How often do you see yourself updating and editing a particular video clip over time? For a given video, do you find all the relevant clips when you first save it to disk? Or are you accumulating video clips for a source video over time? I’m generally interested in patterns of revisiting source media

marxism 4 days ago | parent [-]

Thanks for the questions!

So far everyone is accumulating clip annotations on video files over time.

I'm thinking of clips as essentially write-only/append-only annotations. Labels or metadata attached to sections of videos rather than new files. The system is designed to support overlapping clips and allows you to filter/view all clips for a video.

To clarify, Video Clip Library is purely a search engine - it doesn't composite or edit videos. Although it will let you re-encode to save space. I built it for scenarios like: "I have a catalog of shots from the last five years, and when working on a new project, I might want to reuse B-roll or footage I've already taken." A YouTuber doing a Then and Now will find footage from their first year.

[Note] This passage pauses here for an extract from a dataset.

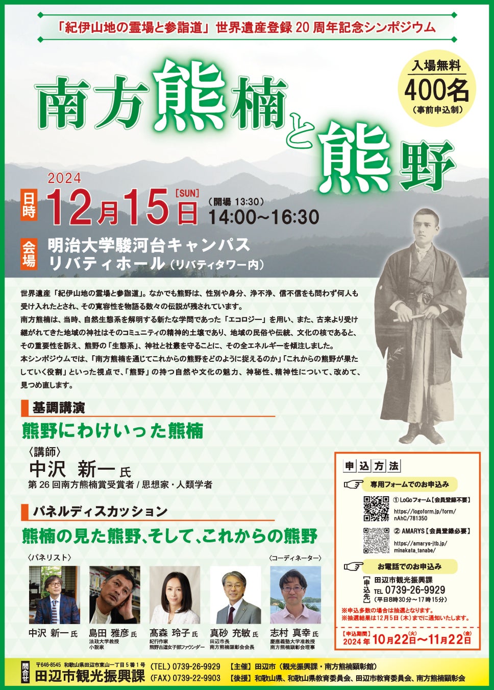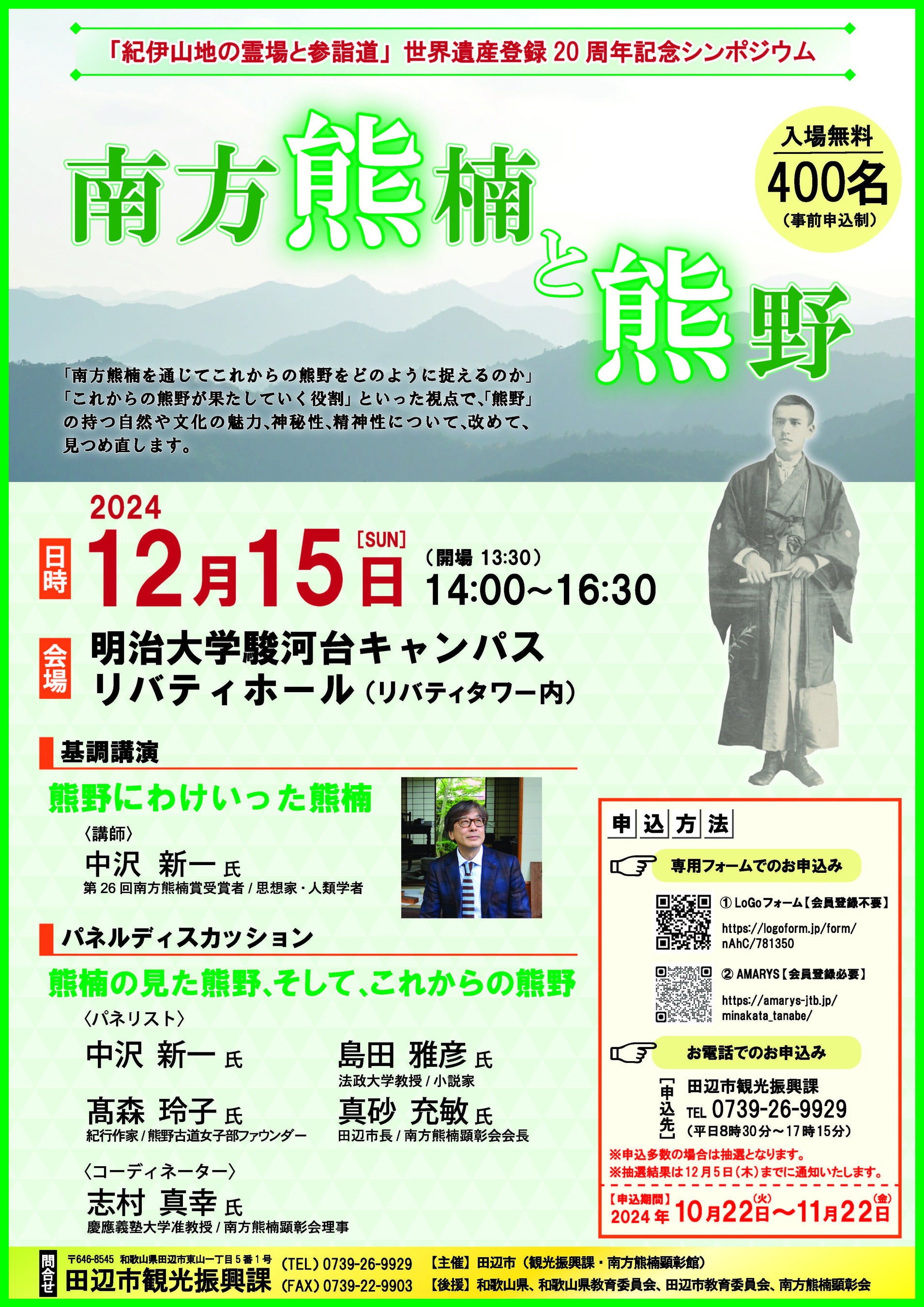 「紀伊山地の霊場と参詣道」 世界遺産登録20周年記念シンポジウム『南方熊楠と熊野』を開催!

For me personally, the virtual clips feature will improve my learning process. I'm not a professional videographer. Naturally I spend time studying work from more skilled creators, trying to understand what makes it effective. I'm excited to take notes on specific moments - "these are the places across many different videos where I feel afraid" or "interesting rack focus technique here" - with notes and tags scoped to their own clips. I was already taking these notes in Obsidian. But it wasn't great.

I find a beauty in the layering: I can create overlapping clips that represent different aspects of the same footage - one layer for emotional responses, another for technical observations. Note: here I'm creating them manually one hour here, one hour there over months as I find the time or interest waxes. I might only annotate a few thousand clips across a couple hundred films in my lifetime. That's ok. I don't need the computer to understand the videos perfectly frame by frame.

The professional use case that prompted this feature is different - teams collect footage, then editors assemble compilations and marketing materials months later. They will run AI models to annotate videos as they're ingested, or apply new models to existing catalogs. Then someone with a creative concept can quickly search: "Do we already have footage that supports this idea or do we need to shoot something new?"